So I was at dance last night & I got a question that I get a lot:
"Kelli, what does your license plate mean?"

Yes, I am one of "those people" with a custom license plate but this is not entirely my fault. My mom & dad got it for me for my 20th birthday and it has on it a word that I made up and pride myself on making a staple amongst friends and family. My plate reads: HOTCHO. A word that can be found gracing shirts, track jackets, and other objects that I own - most of them gifts from friends.

I know what you're thinking, what the hell is a hotcho? I invite you to try and understand this as best you can, and I will provide you with some of the best examples ever so you can take this word with you and use it to your liking. It will (i can 100% guarantee you of this) pop into your head the next time you see one of these fiiine, fiiine specimen. They're everywhere. The world is crawling with hotchos, so here we go. Feel free to steal it, but when people ask - be sure you enlighten them and credit the drama queen with your new found stereotype.

A hotcho is someone who plain and simply thinks they are the shit. The clincher is that they are, in fact, not the shit at all. Whether they're driving like a hotcho, dancing like a hotcho, walking like a hotcho, or talking like a hotcho - they are determined that they are the sexiest, flyest, coolest, baddest bitch on the planet. As they are doing this, you are laughing to yourself. Or to your friends. Or to the guy next to you who you don't even know who is also laughing at this douche. Hotcho's tend to hang out with other hotchos, so they're not even aware of their hotcho-ness. And I have found, through vast research, that they are normally 99% of the time MEN. To increase your understanding, here are some visual aids:

Now, try to ignore the girl next to him, but this is the ultimate hotcho. He clearly thinks he looks really, really good. Not. So. Much. You know these dudes, you know how they act. They bust into the party with a water bottle full of Vladdy and Orange Juice and can't keep their damn shirt on. Also, nice shades, douchebag. You're inside.

Next is the more subtle hotcho. Although they don't roll into the party announcing they're going to bang every bitch in the place, you know they're thinking it. Although Howie D (I'm sorry, Howie. I am a diehard bsb fan but you are a hotcho, my friend) is no longer a hotcho, boyyyy did he used to be.
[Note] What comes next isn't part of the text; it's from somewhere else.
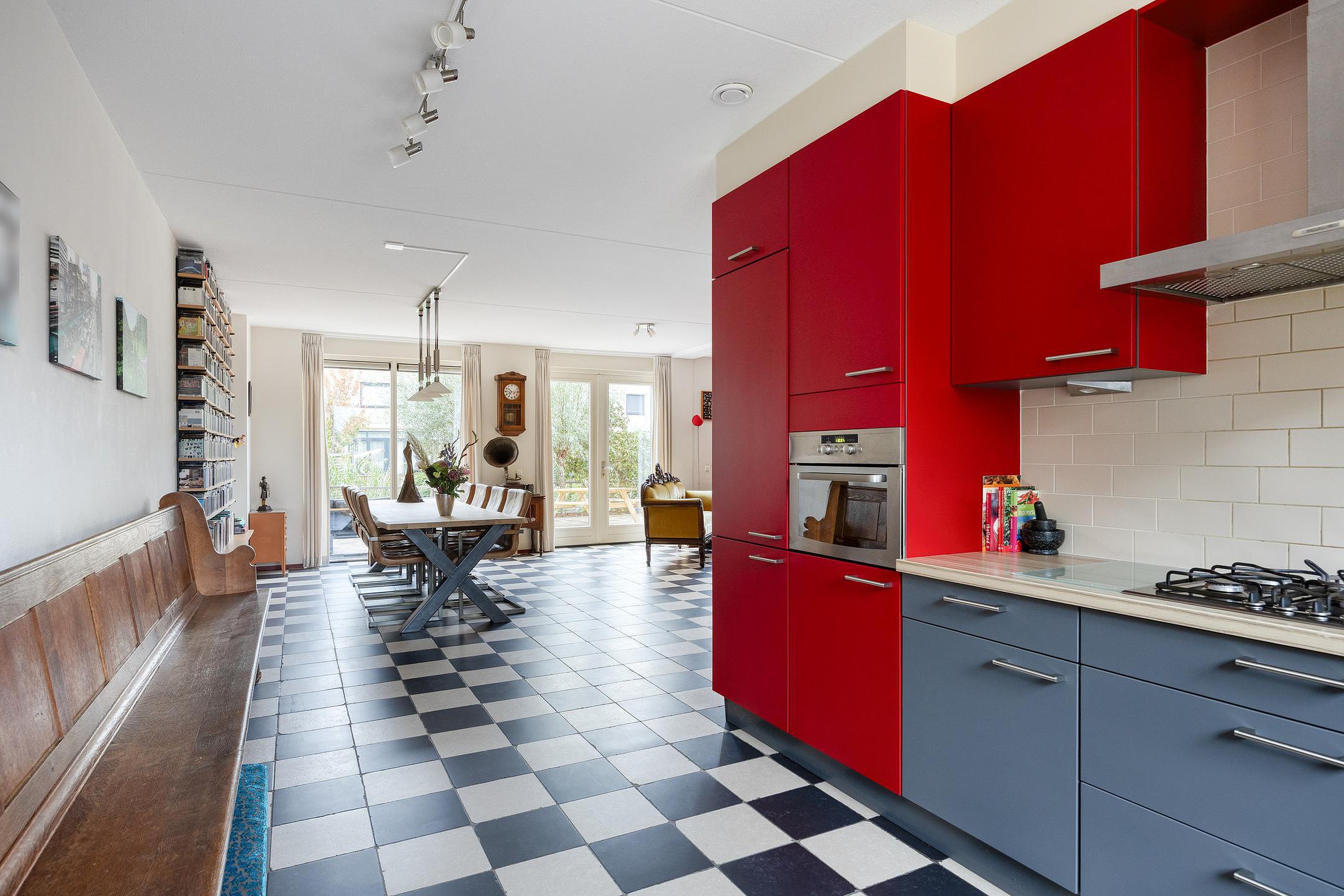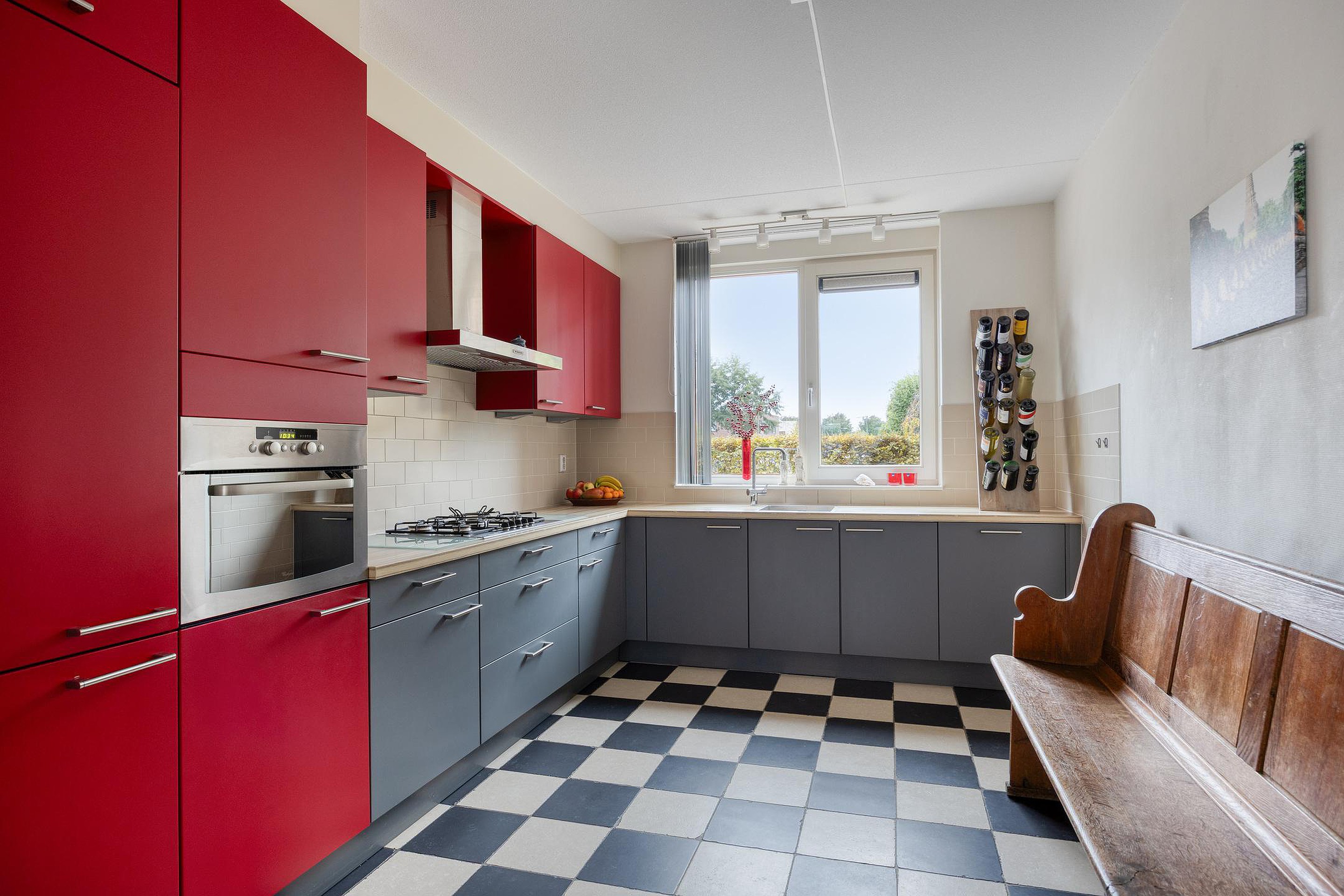 Keuken, een prachtige lichte ruimte met vrij uitzicht de voorgelegen straat in. Voorzien van een keukenblok in L-vormige opstelling met een 5-pits gaskookplaat, RVS afzuigkap, combimagnetron, vaatwasser en een koel/vriescombinatie.

Clearly, back in the day, Howie was NOT the heart throb of bsb... but this did NOT deter him from thinking he was the sexiest, baddest bitch in that group. Me and my friend just watched a concert clip from one of their concerts in 1999 and Howie comes out on stage and rubs roses all over his sweaty latin body and throws them to the girls. If that is not a hotcho move, I don't know what is.

So whether you just got cut off in traffic, are witnessing a terrible pick up line, or are laughing at some ridiculous get up the sales associate at Abercrombie & Fitch is wearing -- you have probably encountered a hotcho. Feel free to let me know about your hotcho experiences, and whether or not you plan on stealing this extremely applicable word.